Заключительную фразу старуха произносила с раздражением. Отворачивалась от любопытствующего, уходила приговаривая:

– Отжэ люды, им треба знаты…

Но когда близнецы принесли кролика, а потом пробрались на «Казачий Пост» и притащили целое ведро каши, мать угостила старуху, баба Груша сказала:

– Ото ты правильно зробыла, из цих хлопцев будэ товк. Бо воны ще помогаты тэбэ будуть.

Мародёрам нечем было поживиться у бабы Груши. В квартире – шаром покати, хотя раньше чего там только не было.

– Баба Груша, куда добро тоже сплавила?

– От же люды, всэ знают, всэ бачут, а тут як пьяницы маскали продывылись. Мы ж хохлы. Зустричались з немцами, румынами, поляками… Та всих бачили, на всих надывылись. Та шо ж – и мы таки дурни, щоб свий скарб отдаваты нимцю. А дулю им! – Она свернула кукиш. – Отаку дулю!

Для всех оставалась загадкой: чем питается баба Груша?

Мародёры, врываясь к ней в квартиру, видели пустоту, стол, две табуретки, кровать, поверх тряпьё, и старуха сидит у окна с заклеенными бумажными крестами стёклами. Старуха же не обращала на вошедших ни малейшего внимания. Она разбирала нитки, пытаясь намотать их на клубок. Она рассказывала, как один румын забрал у неё вязальные крючки. Через два дня принёс их назад с хорошими нитками. Она думала, что он заставит её что-то связать, но румын достал из кармана губную гармошку. Сыграл какую-то мелодию, а потом уселся на табуретку и пел по-русски:

Мамалига, молоко,Румыния далеко…

Когда зашёл ещё один мародёр, он взял у него несколько спичек и положил перед бабой Грушей: – Тебе, матка…

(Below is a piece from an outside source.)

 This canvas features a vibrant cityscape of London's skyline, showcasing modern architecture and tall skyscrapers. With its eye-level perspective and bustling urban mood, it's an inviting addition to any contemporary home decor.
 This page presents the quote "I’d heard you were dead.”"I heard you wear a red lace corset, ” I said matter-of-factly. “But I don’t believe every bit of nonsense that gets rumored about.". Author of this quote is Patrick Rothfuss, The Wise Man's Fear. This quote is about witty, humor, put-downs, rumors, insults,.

Раньше удивлялись, почему со стороны немцев в посёлок погань ползёт. А наши ни разу не пришли. Теперь, после вылазки командира Петрова с бойцами, разговоры шли среди жителей, как поведут себя мародёры, будут продолжать шастать или прекратят. Лихо у наших получилось, – всыпали, как надо…

– А бабке Груше жалко стало итальяшку, – заметила мать.

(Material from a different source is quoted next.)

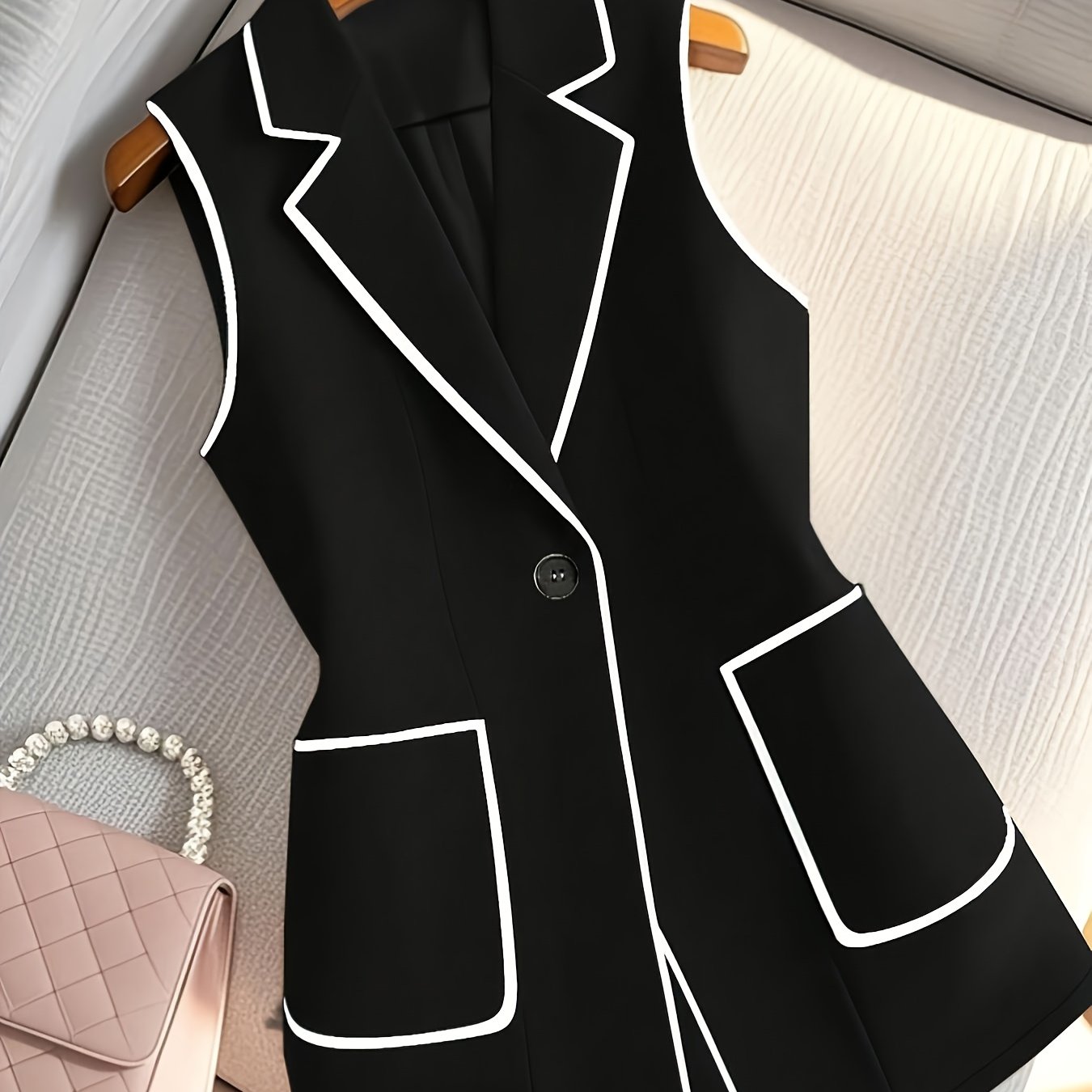 TEMU 여성용 우아한 컬러 블록 민소매 재킷

– То був ни итальяшка. То був той румын, шо у мэнэ вязальни крючки брав, та вэрнув.

– Там не было румынов.

– Цэ вин був. Шапку дэсь загубыв, а шинель румынська. Вин ще на гармошци грав.

– Они нас не жалеют…

Женщины ещё поговорили о близнецах, в один голос одобрили их уход на Казачий Пост. Всех волновала наступившая после обстрела тишина. Где ночевать? Уходить в погреб или оставаться в квартирах? А вдруг ночью обстрел, бомбёжка?

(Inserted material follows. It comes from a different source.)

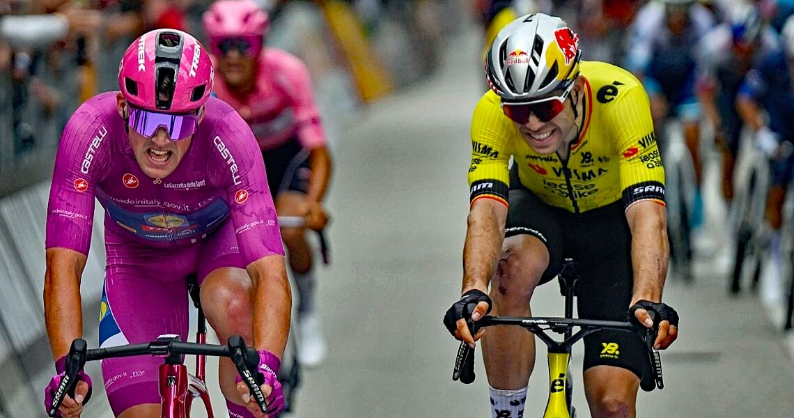 That battle of those three turned into a duel between Pedersen and Van Aert. The Dane was the first to start his sprint, but Van Aert pulled himself back to his rear wheel. It looked like Van Aert had the power to pass Pedersen, but the Belgian fell short just before the finish. After that thrilling sprint, Pedersen crossed the line first to take his fourth stage win in this Giro. Van Aert was second and Del Toro third. The Mexican remains the overall leader with a few more seconds added.

– Шо в тому погреби? – сказала баба Груша, – убье, так и в погреби – убье…

Ушла, хлопнув дверью.

– А что ей, она своё отжила. А дети?..

– Мне в печёнках погреб, будем спать в квартире, – сказала мать. И соседки стали прощаться, расходиться.

В квартире, после погреба, как в раю. Мать подбросила в плиту угля, дала нам ещё по сухарю.

– Не дай бог, мародёры найдут сухарь, всех порешат! Ясное дело, что сухарь может появиться только с нашей стороны, с Казачьего Поста.

Она погасила свечу, уложила нас. Долго стояла у окна, прислушиваясь к необычайной тишине. Даже отдалённого грохота фронта не было слышно.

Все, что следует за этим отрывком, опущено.